#### Available data
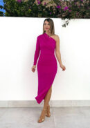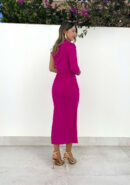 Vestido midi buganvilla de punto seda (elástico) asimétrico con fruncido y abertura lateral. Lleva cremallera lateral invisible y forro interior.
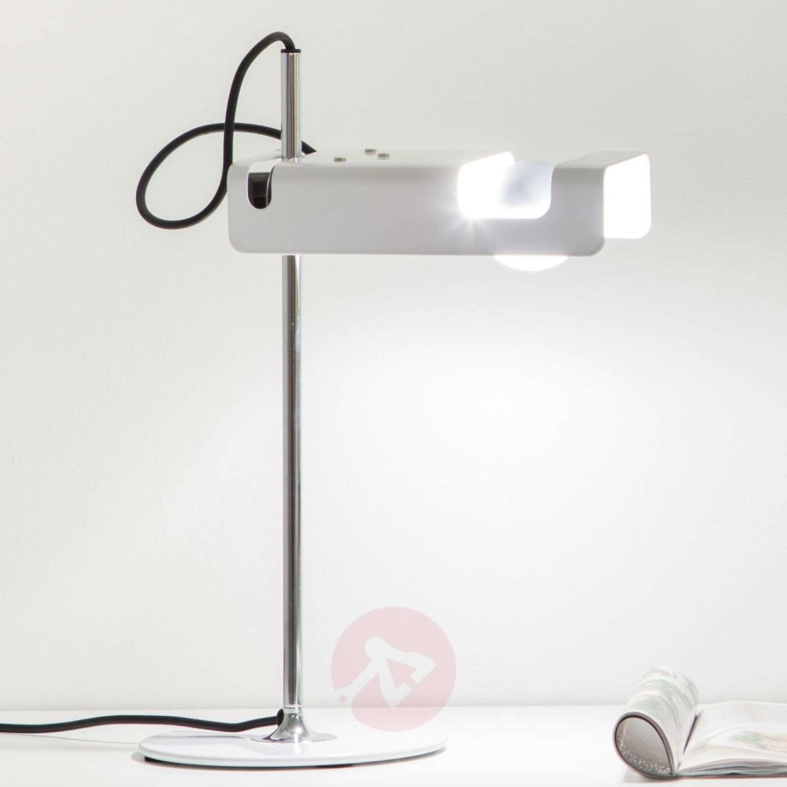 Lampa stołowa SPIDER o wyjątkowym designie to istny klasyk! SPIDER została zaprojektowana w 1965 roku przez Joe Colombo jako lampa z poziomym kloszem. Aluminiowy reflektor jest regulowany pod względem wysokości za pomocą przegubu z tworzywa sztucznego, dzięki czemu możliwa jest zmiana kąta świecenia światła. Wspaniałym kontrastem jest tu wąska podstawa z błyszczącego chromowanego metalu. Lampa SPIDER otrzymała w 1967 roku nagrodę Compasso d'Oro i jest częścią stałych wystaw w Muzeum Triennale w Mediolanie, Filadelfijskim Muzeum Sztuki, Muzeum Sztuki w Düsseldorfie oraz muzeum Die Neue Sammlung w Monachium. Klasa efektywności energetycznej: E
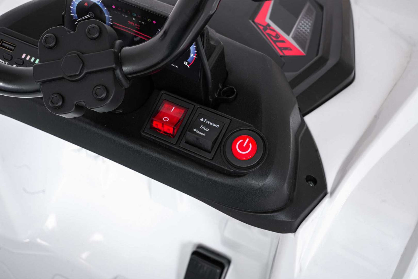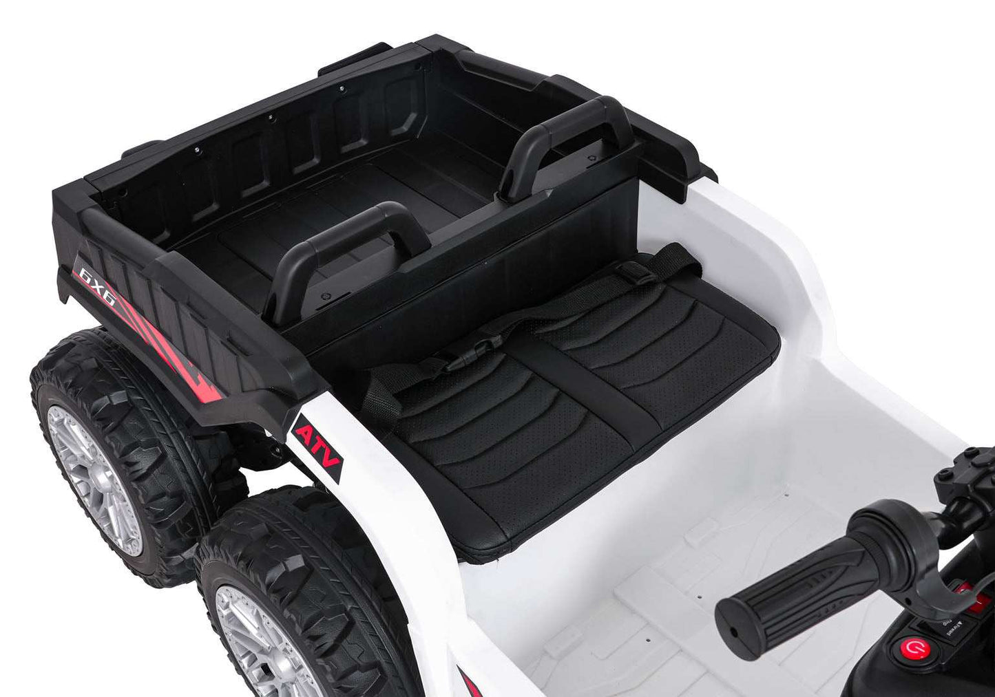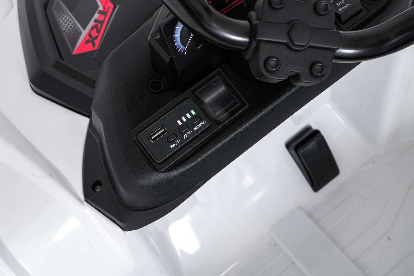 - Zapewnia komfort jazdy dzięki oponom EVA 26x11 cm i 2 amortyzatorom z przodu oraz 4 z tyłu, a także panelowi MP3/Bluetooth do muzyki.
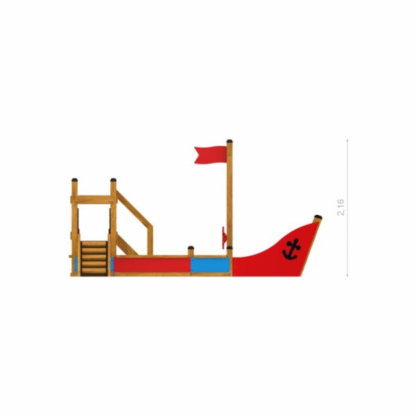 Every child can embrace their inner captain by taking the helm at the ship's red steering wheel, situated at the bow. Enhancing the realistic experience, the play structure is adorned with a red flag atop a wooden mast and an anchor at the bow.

#### How to complete this task
It would help to have the listing above repeated exactly, with all images removed.

#### Solution for this exercise
 Vestido midi buganvilla de punto seda (elástico) asimétrico con fruncido y abertura lateral. Lleva cremallera lateral invisible y forro interior.
 Lampa stołowa SPIDER o wyjątkowym designie to istny klasyk! SPIDER została zaprojektowana w 1965 roku przez Joe Colombo jako lampa z poziomym kloszem. Aluminiowy reflektor jest regulowany pod względem wysokości za pomocą przegubu z tworzywa sztucznego, dzięki czemu możliwa jest zmiana kąta świecenia światła. Wspaniałym kontrastem jest tu wąska podstawa z błyszczącego chromowanego metalu. Lampa SPIDER otrzymała w 1967 roku nagrodę Compasso d'Oro i jest częścią stałych wystaw w Muzeum Triennale w Mediolanie, Filadelfijskim Muzeum Sztuki, Muzeum Sztuki w Düsseldorfie oraz muzeum Die Neue Sammlung w Monachium. Klasa efektywności energetycznej: E
 - Zapewnia komfort jazdy dzięki oponom EVA 26x11 cm i 2 amortyzatorom z przodu oraz 4 z tyłu, a także panelowi MP3/Bluetooth do muzyki.
 Every child can embrace their inner captain by taking the helm at the ship's red steering wheel, situated at the bow. Enhancing the realistic experience, the play structure is adorned with a red flag atop a wooden mast and an anchor at the bow.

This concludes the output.